After she tried to use the documents in her appeal of a whistleblower complaint, the Treasury Department Inspector General shared them with the prosecutors in her case, who in turn cited them in her presentencing report.

The agency has argued throughout the appellant no longer is an employee of the agency, the pro se appellant agrees. The agency Inspector General should not have been notified of the administrative proceedings of the court because the appellant is not an employee of the agency. There is no statue or policy that gives the agency the right to notify the agency IG of the “procedural motion” prior “to notify the other party”. Regulation 5 C.F.R. § 1201.55(a) does not state “notify Inspector General” rather it does state “to notify the other party”. The pro se appellant argues notifying the Inspector General prior to “the other party” is a violation of the pro se appellants fifth amendment.

[snip]

[T]he agency/agency IG notified the appellants criminal prosecutors of the disclosures in the IRA case. As explained above, the disclosures are permissible per 31 C.F.R. § 103. Due to the agency/agency IG notification to the government prosecutors, the prosecution requested increased sentencing in the sentencing report for the appellant/defendant thus violating the defendants fifth amendment in the criminal proceeding.

Edwards further claimed that the government withheld her original complaint to coerce her to plead guilty.

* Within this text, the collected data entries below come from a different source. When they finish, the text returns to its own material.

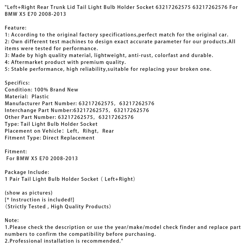 Douille de support d'ampoule de feu arrière gauche et droit pour couvercle de coffre arrière 63217262575 63217262576 pour BMW X5 E70 2008-2013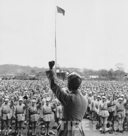 圖為1950年3月,十八軍在四川樂山舉行進(jìn)軍西藏誓師大會。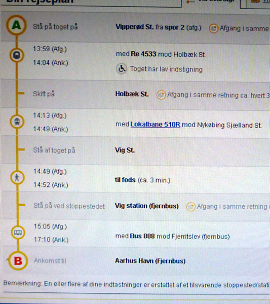 Jeg har ikke smartphone el.l. men har rejseplanen med på mit lommekamera. Og så tillader jeg mig at skrive Århus med den nye retskrivning af 1947, og ikke Aarhus eller Aarhuus eller hvad byen nu har heddet i historiens gang. Roskilde bliver jo heller ikke skrevet med runer. Og hvis nogen synes jeg er en sur gammel mand, nå ja.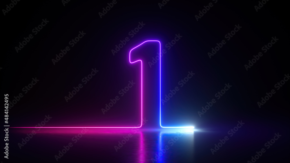 3d render, neon number one glowing in the dark with ultraviolet light, pink blue gradient laser ray #484142495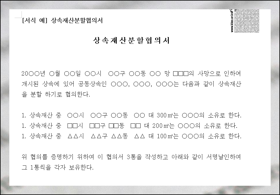 공공기관에서 받은 양식으로 신뢰할 수 있어요. 상속재산을 나눌 때 꼭 필요한 분할협의서인데, 서류 작성에서 가장 중요한 건 정확성이에요. 구체적으로 내용을 채우고, 도장도 정성스럽게 찍어야 해요. 안전하게 상속을 마무리하려면 참여하는 분들이 각자 한 부씩 보관하는 것이 좋습니다. 양식 다운로드는 첨부파일을 확인해주세요.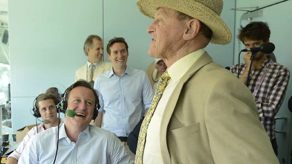 Prime Minister David Cameron encounters Geoffrey Boycott in the Test Match Special commentary box.
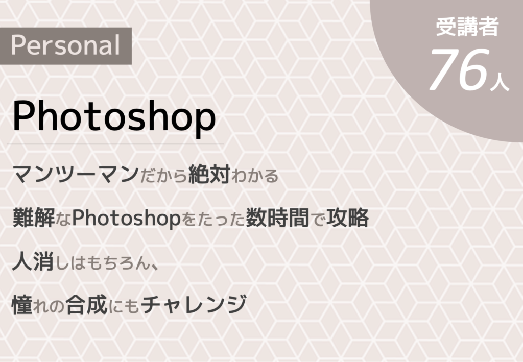 180分のマンツーマンレッスンで難解なPhotoshopを理解し使いこなせるようになります。まったくの初心者でもOKです。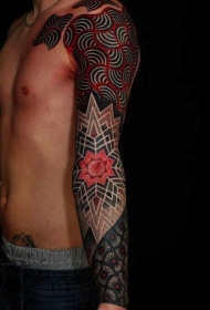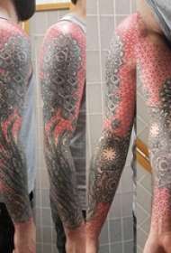 几何花臂纹身图案 男生手臂上彩绘几何花臂纹身图片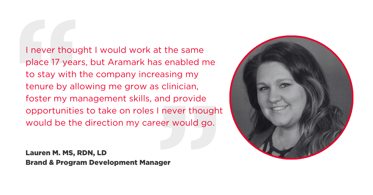 Lauren started her career with Aramark 17 years ago working in various dietitian and leadership roles and now serves as a Brand & Program Development Manager in the Healthcare+ Center of Excellence. Originally a chemistry major, she, with the encouragement of her mother, decided to become a dietitian so she could blend her love of science, food, and the medical field together into one successful career.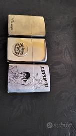 Zippo. - Primo accendino con incisione disegno di Lupin III nuovo - Secondo accendino con placca logo Jack Daniel's. Usato ricondizionato - Terzo accendino con incisione Noi, sempre.usato ricondizionato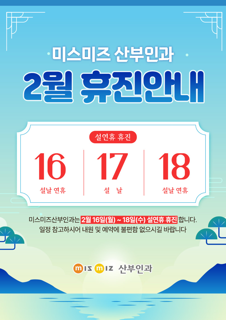 [공지] 미스미즈 2월 휴진안내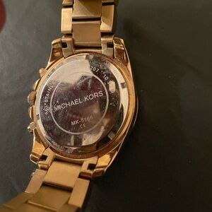 Michael Kors Stainless Steel gold plated watch is detailed with chronograph dials and pavé stones around the bezel. It is in excellent condition and is a beautiful timepiece. New battery just replaced for $30, please see video. Fits a small wrist, no extra links though which is price was lowered. Make me an offer.😀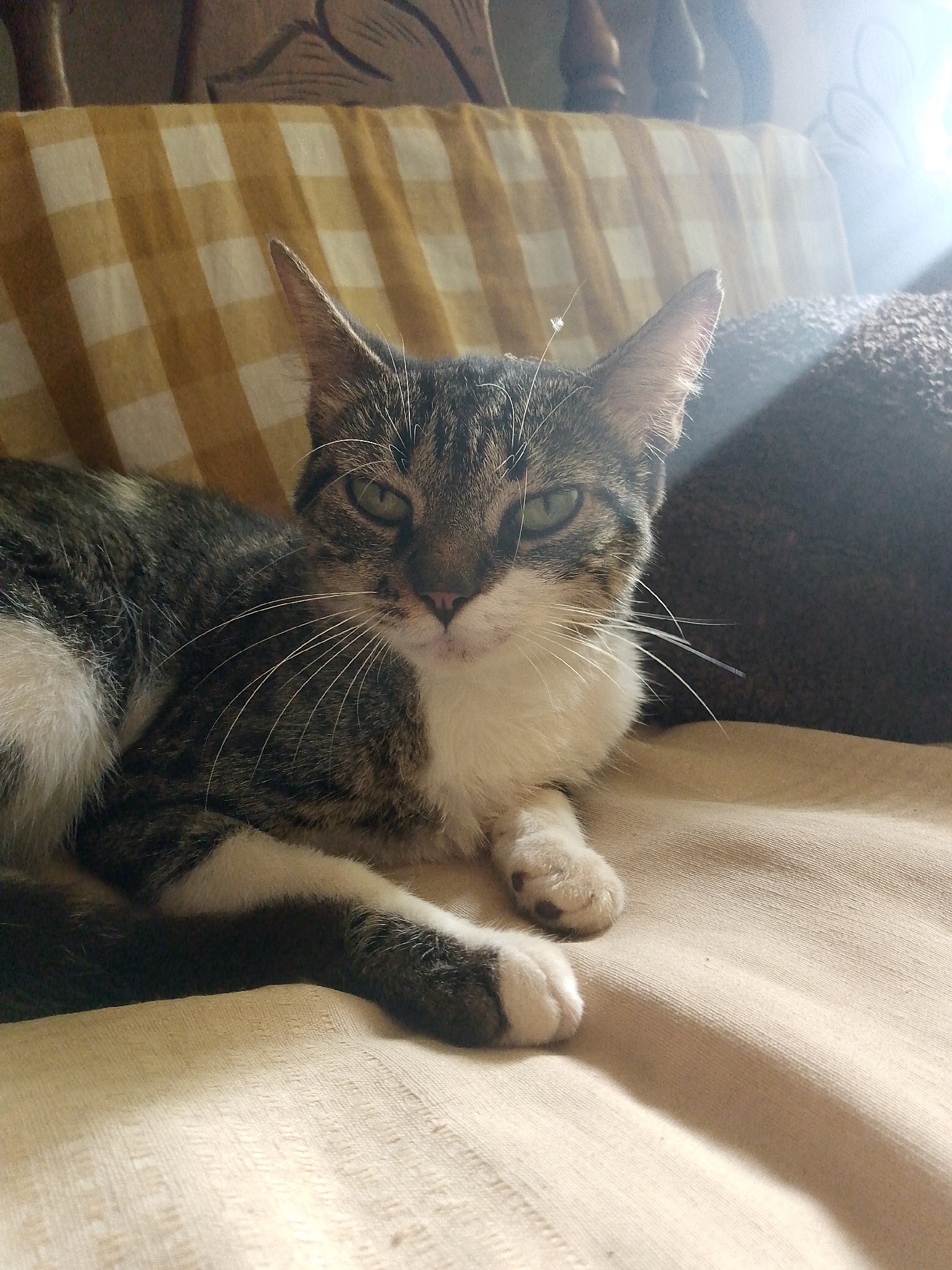 A domestic short-haired cat with tabby and white markings is lying on a beige couch. The cat has green eyes and is looking directly at the camera. Behind the cat is a yellow and white checkered patterned couch cushion. A dark brown pillow is situated to the right of the cat, partially obscured by a bright light. The background includes a wooden headboard with decorative carvings and a white wall. The image was likely taken indoors during the day, given the bright lighting. The location is not identifiable in the city of Juan Griego, Venezuela.

The Federal Judge found merit and significant concerns in the “letter and substantial documentation” the whistleblower defendant/appellant provided to the court concerning violation of fifth amendment, conflict of interests pertaining to the prosecution/counsel, coercion of the plea deal, criminal referral submitted against agency IG, the letter defendant sent to Attorney General Sessions and Special Counsel Mueller, etc., all elements withheld from the Federal court by both the prosecution and defense counsel.

Edwards has been assigned a new attorney (who may have convinced her not to submit this complaint as part of sentencing), and her sentencing has been pushed out to October.

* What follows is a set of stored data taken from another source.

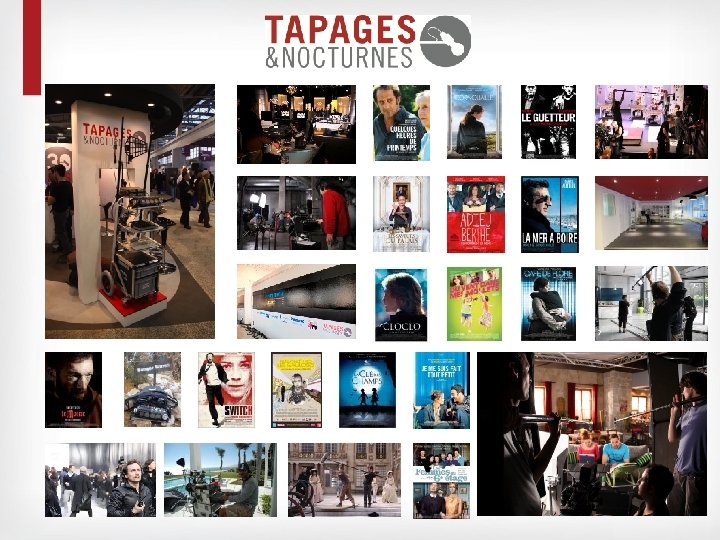Présentation TAPAGES & NOCTURNES fournit depuis plus de 30 ans les équipements de captation sonore destinés aux ingénieurs du son Fiction et Broadcast. TAPAGES & NOCTURNES propose également des solutions de Post. Production. En 2013, TAPAGES & NOCTURNES a participé à plus de 80 tournages de fiction et à de très nombreux tournages de Broadcast.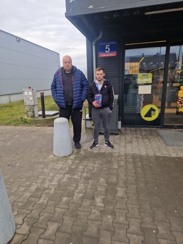Wychowanek pozostawał pod opieką p. Macieja i p. Tomasza. Wyruszyliśmy po godz. 9tej. W sztabie wychowanek odebrał swój identyfikator oraz puszkę. Dzięki temu, że korzystaliśmy z służbowego samochodu szybko dostaliśmy się pod jeden z Trzemeszeńskich marketów. Po jakimś czasie przenieśliśmy się do Kruchowa gdzie kwestowaliśmy pod kościołem. Po powrocie spędziliśmy jeszcze kilka godzin na terenie Trzemeszna. Następnie przekazano do sztabu orkiestry- na licytację kilka przedmiotów wykonanych przez zakładowe warsztaty (ozdobne ramki, świeczniki itd.) Na koniec rozliczyliśmy się z sztabem i powróciliśmy do Zakładu. Zrealizowano główny cel wychowawczy jakim było niesienie bezinteresownej pomocy innym ludziom. Wychowanek był bardzo zadowolony z swojej postawy jak i całego przedsięwzięcia.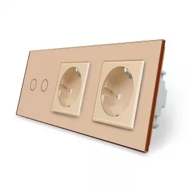 Умный сенсорный проходной выключатель 2 сенсора 2 розетки золотой стекло Livolo (VL-C702SZ/C7C2EU-13)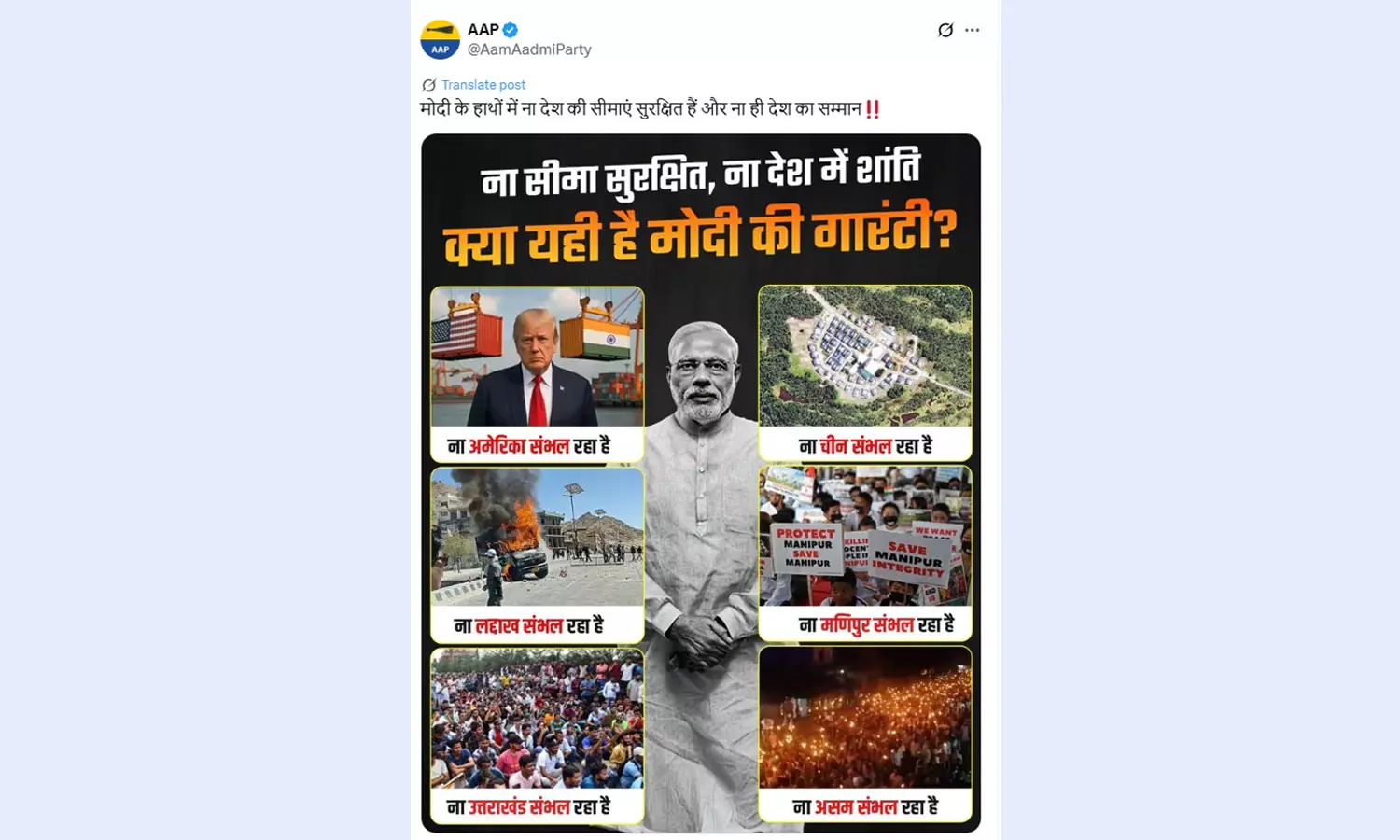 യുഎസുമായുള്ള താരിഫ് യുദ്ധവും ചൈനയുമായുള്ള അതിർത്തി തർക്കവും മണിപ്പൂർ അടക്കമുള്ള വിഷയങ്ങളും കൈകാര്യം ചെയ്യുന്നതിൽ മോദി സർക്കാർ പരാജയമാണെന്ന് ചൂണ്ടിക്കാട്ടി എക്സിൽ പങ്കുവച്ച പോസ്റ്ററിലൂടെയാണ് ആം ആദ്മി പാർട്ടിയുടെ കടന്നാക്രമണം. 'മോദിയുടെ കൈകളിൽ രാജ്യത്തിന്റെ അതിർത്തികൾ സുരക്ഷിതമല്ല. രാജ്യത്ത് ശാന്തിയില്ല. ഇതാണോ മോദിയുടെ ഉറപ്പ്?'- പോസ്റ്ററിൽ ചോദിക്കുന്നു.

There’s no way to assess the validity of her complaint or even her representation of what happened with the judge in her case, Gregory Woods. What her complaint shows, however, is that there’s a packet of information she sent to Mueller and Sessions (possibly implicating and/or also sent to Congress), summarizing some reports she believes got ignored.

If those reports show what Rod Rosenstein and Richard Burr worked so hard not to investigate, it might explain why Treasury is threatening legal consequences for reporting on them. And given how DOJ already structured this prosecution, they might well be threatening to treat reporting on the President’s vulnerabilities as a conspiracy to leak SARs protected by statute.


*WikiLeaks supporters also cite the risk of Assange being subjected to US Espionage Act prosecution. While that risk is real, in his case, the most dangerous charges (for leaking the names of US and Coalition informants) would likely be far easier to prosecute under the UK’s Official Secrets Act, which still could happen if he’s not extradited. The actions described in his indictment are arguably more explicitly criminalized in the UK than the US, even if their sentences are not as draconian.